» ASSIGNED TASK: Reproduce the entries that follow exactly. No picture should appear in the result.

» DATA SUPPLIED:
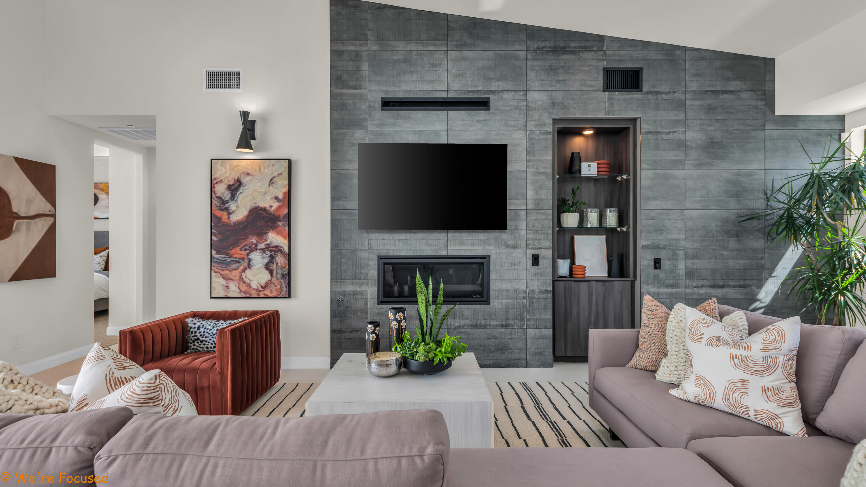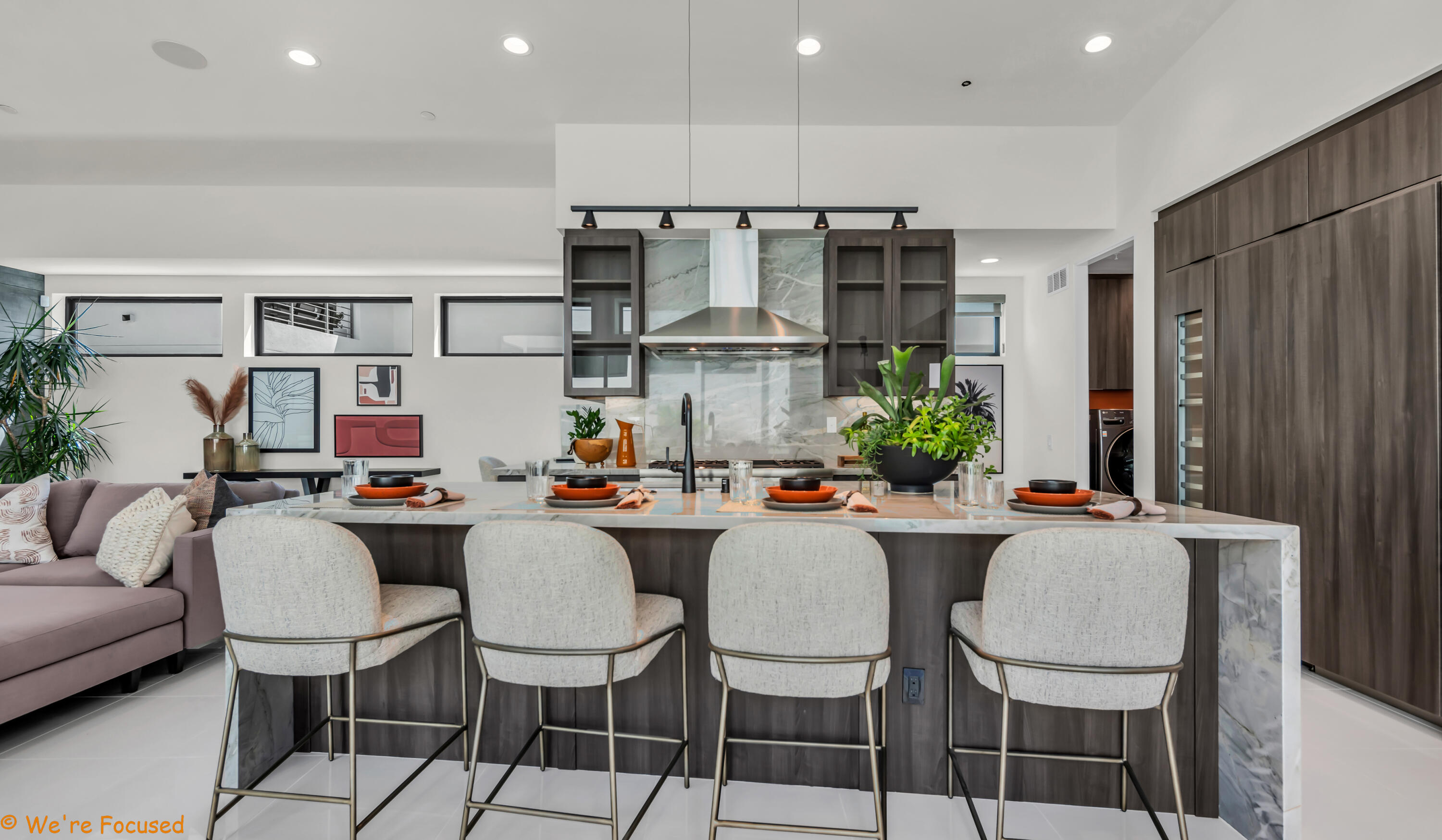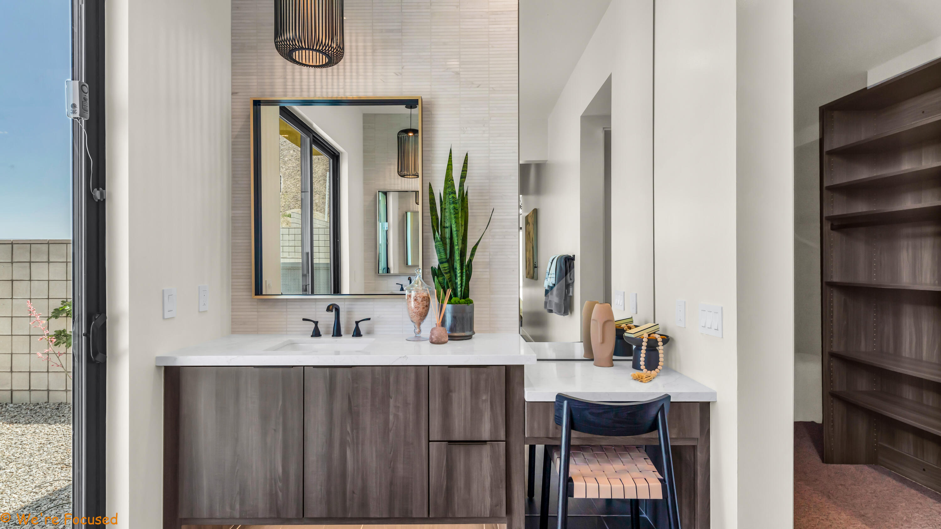 Model Home furnished! last of two homes at Elan. Resort style living at Elan in South Palm Springs. Only a few minutes walking distance from downtown! This 2,533 SF home features 2 Primary Suites, 3.5 baths, a Casita (bed 3), Thermador appliances, outdoor patio, deck with mountain views, waterfall quartzsite countertops, upgraded porcelain tile 24X24 flooring, Solar System 16 panels included no lease, large multi slide Western pocket sliders, outdoor shower, outdoor bar, cocktail pool and spa. Exterior picture of house is of a rendering. Built by Farwest Industries.Interested in this Listing?
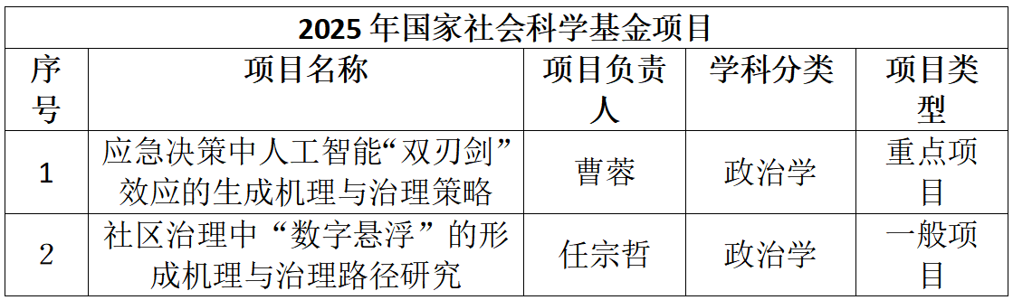 在国家社会科学基金和国家社会科学基金教育学项目申请中,学院共有22位教师申报,经过数次打磨申报书和线下论证会最终3人立项。其中曹蓉教授获得了国家重点项目。具体项目为:曹蓉教授申报的《应急决策中人工智能“双刃剑”效应的生成机理与治理策略》、任宗哲教授申报的《社区治理中“数字悬浮”的形成机理与治理路径研究》和张琳副教授申报的全国教育科学规划项目《数字技术赋能西部地区高等教育高质量发展路径研究》。
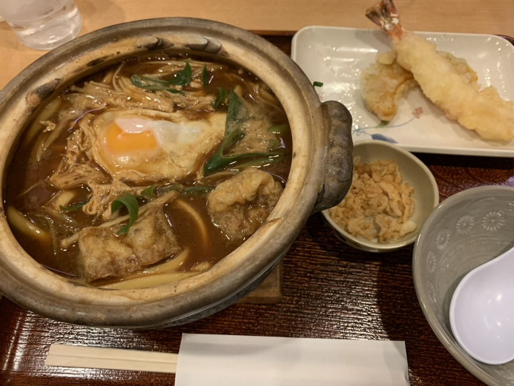 きしめんのお店なので、迷いましたが、味噌煮込みうどんも名古屋名物なので、味噌煮込みうどんにしました♫
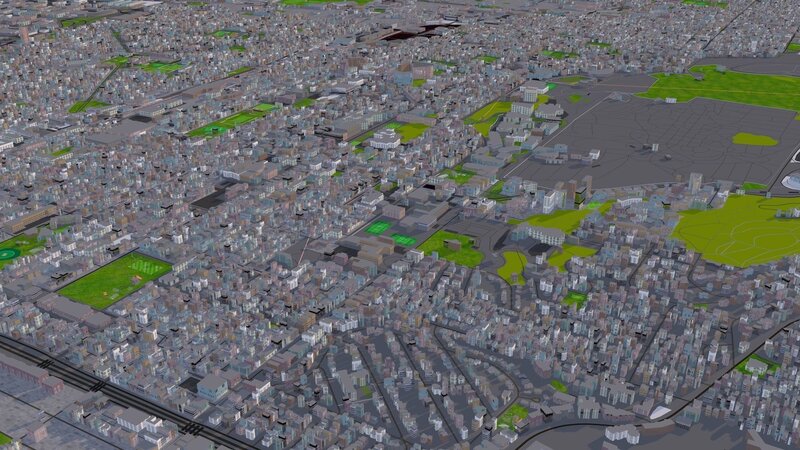 3D representation of Montreal_USA using 2021 map data c4d/maya/blender scene will render perfectly. For other formats import in your 3d program and use physical sky and sun. No global illumination used. Perfectly unwrapped uv proper materials and naming. No complex shaders used, all are textures. You will get same look in all 3d program. If the building textures not scaled correctly use cubic/box/triplanar projection instead of UV.
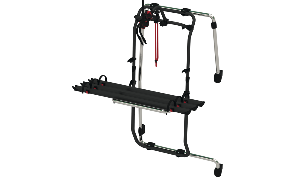 Spezielles Modell für den VW Crafter ab Bj. 2016 mit doppelter Hecktür. Der solide Edelstahlrahmen lässt sich an den serienmäßig vorhandenen Kupplungspunkten des Fahrzeugs anbringen. Er ermöglicht den sicheren Transport von drei normalen Fahrrädern oder zwei E-Bikes, wobei sich die doppelte Hecktür selbst bei Montage eines Fahrradträgers noch öffnen lässt. Die Nummernschildleuchte Licence Plate Carrier ist erforderlich (Nr. 92574/90458).
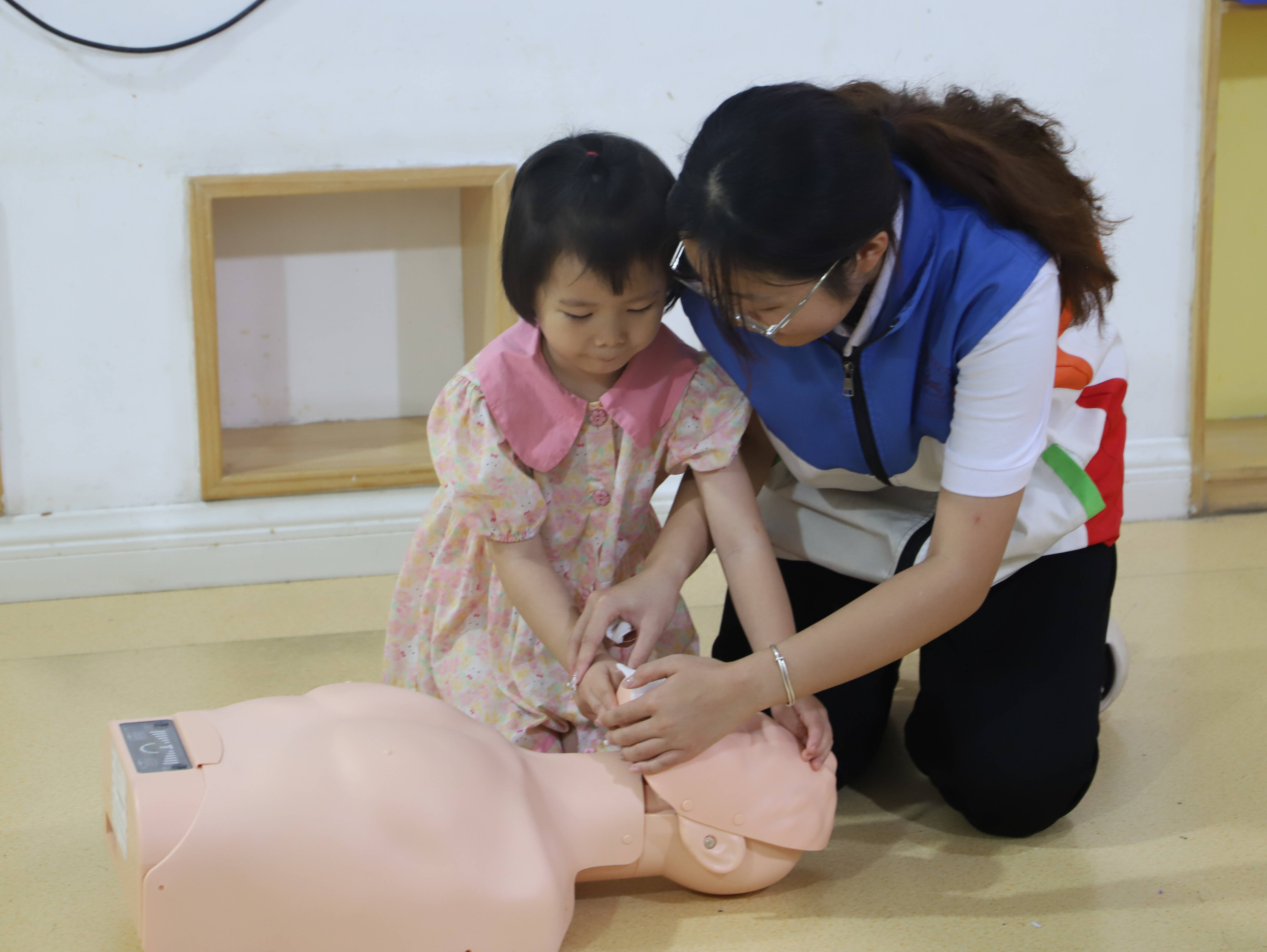 接下来,队员们进行了心肺复苏技能的现场演示,小朋友们则围坐一圈,全神贯注地观察和学习这一关键急救技能。活动最后,队员们与孩子们共同投入到了粘土作品的创作中,五颜六色的粘土在孩子们的手中变化万千,不仅激发了孩子们的想象力与创造力,也为本次活动画上了一个圆满的句号。
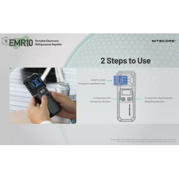 Designed with a safe and efficient heating system, the EMR10 combines heat activation and a repelling mat to repel mosquitoes in as little as 10 minutes. Additionally, an ultrasonic sound function can ward off pests such as insects, mice, snakes, cockroaches and skunks.
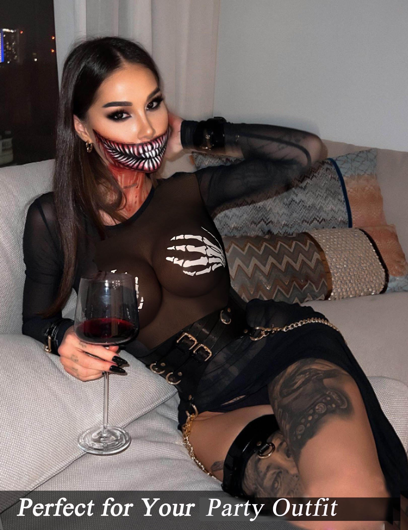 Avidlove Long Sleeve Mesh Crop Top Women's See Through Cropped Top mesh Top Sheer Shirt Skull Palm M
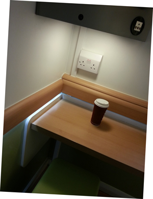 Hotel ibis budget Manchester Centre Pollard Street. Här har man satsat på fördelarna med modern LED-teknik och en del av den horisontella dolda LED-ljuslister med spridningsglas är sylig under TVn i bilden nedan. Men det krävs mer än en horisontell ”ljusramp” 70 cm över golvet för att skapa intressant och god belysning. LED-ljuslisten lyser enbart på den grönmålade nedre delen av väggen som äter ljuset istället för att sprida det jämnt över hela den nedre delen. Det horisontella bandet blir alldeles för markerat. Jag associerar till flerbostadshus från 90-talet med tidstypiska målade konrastfärgade bårder. Sådana horisontella element var designmässigt ingen höjdare. Men tekniken med dimbara LED-lister är strålande och kan vidareutveckla hembelysningen. Själv funderar jag på en liknande lösning till ovansidorna av bokhyllorna i mitt vardagsrum men jag har ännu inte hittat rätt varmvita ljusfärg, 2700 Kelvin.

» YOUR SOLUTION:
 Model Home furnished! last of two homes at Elan. Resort style living at Elan in South Palm Springs. Only a few minutes walking distance from downtown! This 2,533 SF home features 2 Primary Suites, 3.5 baths, a Casita (bed 3), Thermador appliances, outdoor patio, deck with mountain views, waterfall quartzsite countertops, upgraded porcelain tile 24X24 flooring, Solar System 16 panels included no lease, large multi slide Western pocket sliders, outdoor shower, outdoor bar, cocktail pool and spa. Exterior picture of house is of a rendering. Built by Farwest Industries.Interested in this Listing?
 在国家社会科学基金和国家社会科学基金教育学项目申请中,学院共有22位教师申报,经过数次打磨申报书和线下论证会最终3人立项。其中曹蓉教授获得了国家重点项目。具体项目为:曹蓉教授申报的《应急决策中人工智能“双刃剑”效应的生成机理与治理策略》、任宗哲教授申报的《社区治理中“数字悬浮”的形成机理与治理路径研究》和张琳副教授申报的全国教育科学规划项目《数字技术赋能西部地区高等教育高质量发展路径研究》。
 きしめんのお店なので、迷いましたが、味噌煮込みうどんも名古屋名物なので、味噌煮込みうどんにしました♫
 3D representation of Montreal_USA using 2021 map data c4d/maya/blender scene will render perfectly. For other formats import in your 3d program and use physical sky and sun. No global illumination used. Perfectly unwrapped uv proper materials and naming. No complex shaders used, all are textures. You will get same look in all 3d program. If the building textures not scaled correctly use cubic/box/triplanar projection instead of UV.
 Spezielles Modell für den VW Crafter ab Bj. 2016 mit doppelter Hecktür. Der solide Edelstahlrahmen lässt sich an den serienmäßig vorhandenen Kupplungspunkten des Fahrzeugs anbringen. Er ermöglicht den sicheren Transport von drei normalen Fahrrädern oder zwei E-Bikes, wobei sich die doppelte Hecktür selbst bei Montage eines Fahrradträgers noch öffnen lässt. Die Nummernschildleuchte Licence Plate Carrier ist erforderlich (Nr. 92574/90458).
 接下来,队员们进行了心肺复苏技能的现场演示,小朋友们则围坐一圈,全神贯注地观察和学习这一关键急救技能。活动最后,队员们与孩子们共同投入到了粘土作品的创作中,五颜六色的粘土在孩子们的手中变化万千,不仅激发了孩子们的想象力与创造力,也为本次活动画上了一个圆满的句号。
 Designed with a safe and efficient heating system, the EMR10 combines heat activation and a repelling mat to repel mosquitoes in as little as 10 minutes. Additionally, an ultrasonic sound function can ward off pests such as insects, mice, snakes, cockroaches and skunks.
 Avidlove Long Sleeve Mesh Crop Top Women's See Through Cropped Top mesh Top Sheer Shirt Skull Palm M
 Hotel ibis budget Manchester Centre Pollard Street. Här har man satsat på fördelarna med modern LED-teknik och en del av den horisontella dolda LED-ljuslister med spridningsglas är sylig under TVn i bilden nedan. Men det krävs mer än en horisontell ”ljusramp” 70 cm över golvet för att skapa intressant och god belysning. LED-ljuslisten lyser enbart på den grönmålade nedre delen av väggen som äter ljuset istället för att sprida det jämnt över hela den nedre delen. Det horisontella bandet blir alldeles för markerat. Jag associerar till flerbostadshus från 90-talet med tidstypiska målade konrastfärgade bårder. Sådana horisontella element var designmässigt ingen höjdare. Men tekniken med dimbara LED-lister är strålande och kan vidareutveckla hembelysningen. Själv funderar jag på en liknande lösning till ovansidorna av bokhyllorna i mitt vardagsrum men jag har ännu inte hittat rätt varmvita ljusfärg, 2700 Kelvin.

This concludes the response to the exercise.